Opposition, NHT face off on policy direction
OPPOSITION Spokesman on Housing Dr Horace Chang suggested yesterday that the National Housing Trust (NHT) has been failing to fulfil its vision of funding housing solutions for low-income Jamaican workers.
But, in response permanent secretary in the Office of the Prime Minister (OPM) and NHT officers attending yesterday’s meeting of Parliament’s Public Administration and Appropriations Committee (PAAC) put up a strong defence in favour of the entity’s programmes.
The discussion was among the highlights of the weekly meeting of Parliament’s PAAC at Gordon House.
Dr Chang said the NHT has been focusing on finding solutions for the middle class and not paying enough attention to low-income workers, which was its original mandate
He said that, because of this, the Trust has been unable to provide benefits for more than 25 per cent of its contributors, since its inception in 1962.
Senior general manager at NHT Donald Moore said, while only 17 per cent of its income is contributed by workers earning $10,000 or less per week, that wage group has been obtaining 37 percent of the loans it has been providing.
“What we are trying to do is to provide solutions to all our contributors. So, for example, at the very, very low end of the scale, we are talking about service lots on which they can use their own means in sweat equity and so on. We are trying to do more houses for less. So, all the time, we are trying to see what solutions the contributor at the very lowest level of the income scale can afford. That is the work that we are doing currently,” Moore said.
Chang, however, noted that the NHT’s housing stock this year was way below projections, and its delivery was below “if not significantly below” projections, while there should have been improvements if the programme was working.
“You are doing little bits of everything and not doing any thing very well, except for the administration. You need to focus on how you can get financing to these contributors,” the opposition spokesman said.
Permanent Secretary in the OPM, under which the NHT falls, Onika Miller, took offence to the suggestion that the Trust was ineffective.
“I totally concede the point that there are things that we need to do better, and we need to do it more efficiently, and in fact leveraging the partnerships is the way to go.
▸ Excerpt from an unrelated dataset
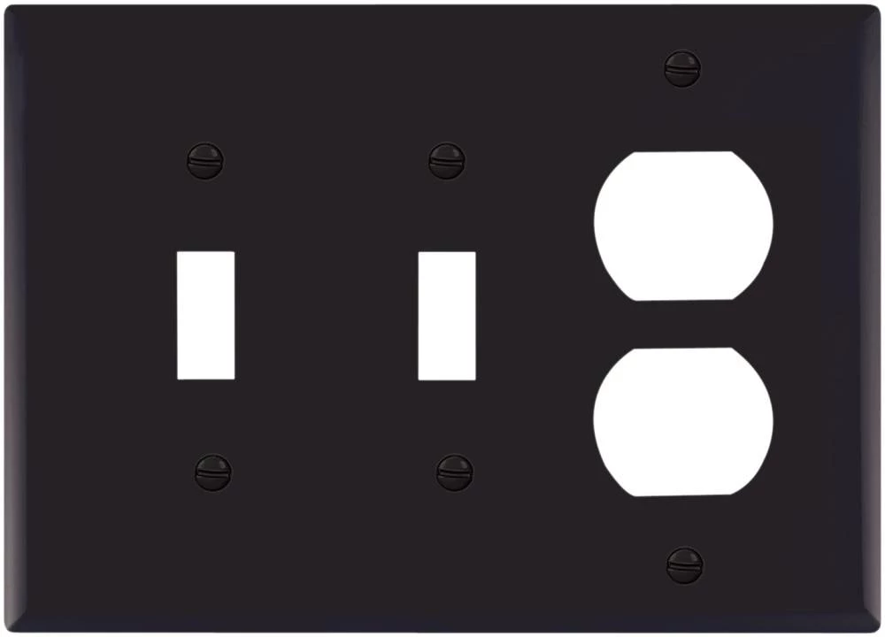 - 3-gang mid-size combination for 2-toggle switches and duplex outlet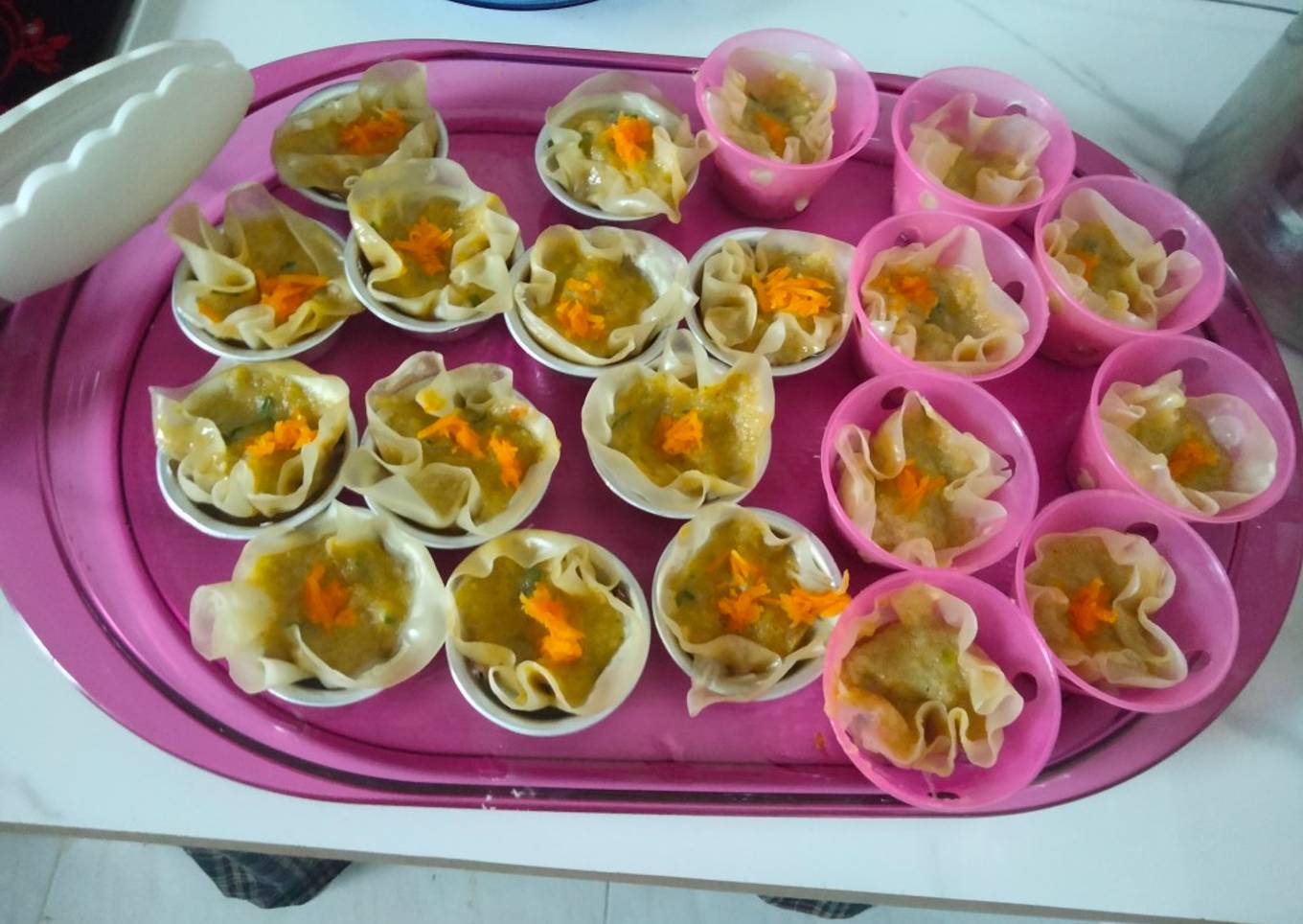 - Tambahkan adonan kedalam kulit dimsum. Tambahkan dengan parutan wortel. Lalu kukus hingga matang lebih kurang 15 menit.

And, to the extent there are persons who are contributing, that you have mentioned, who are in that underserved category, we must find solutions to be able to address them,” she said.
“So, I am not at all saying that we are doing everything that is absolutely possible, but I don’t think that the overall characterisation ought to be that the Housing Trust is not doing what it needs to do,” she added.
Opposition MP Edmund Bartlett, who chairs the PAAC, summed up that the policy direction of the NHT was not of its own doing, and therefore the Government should take the blame if the policy was failing.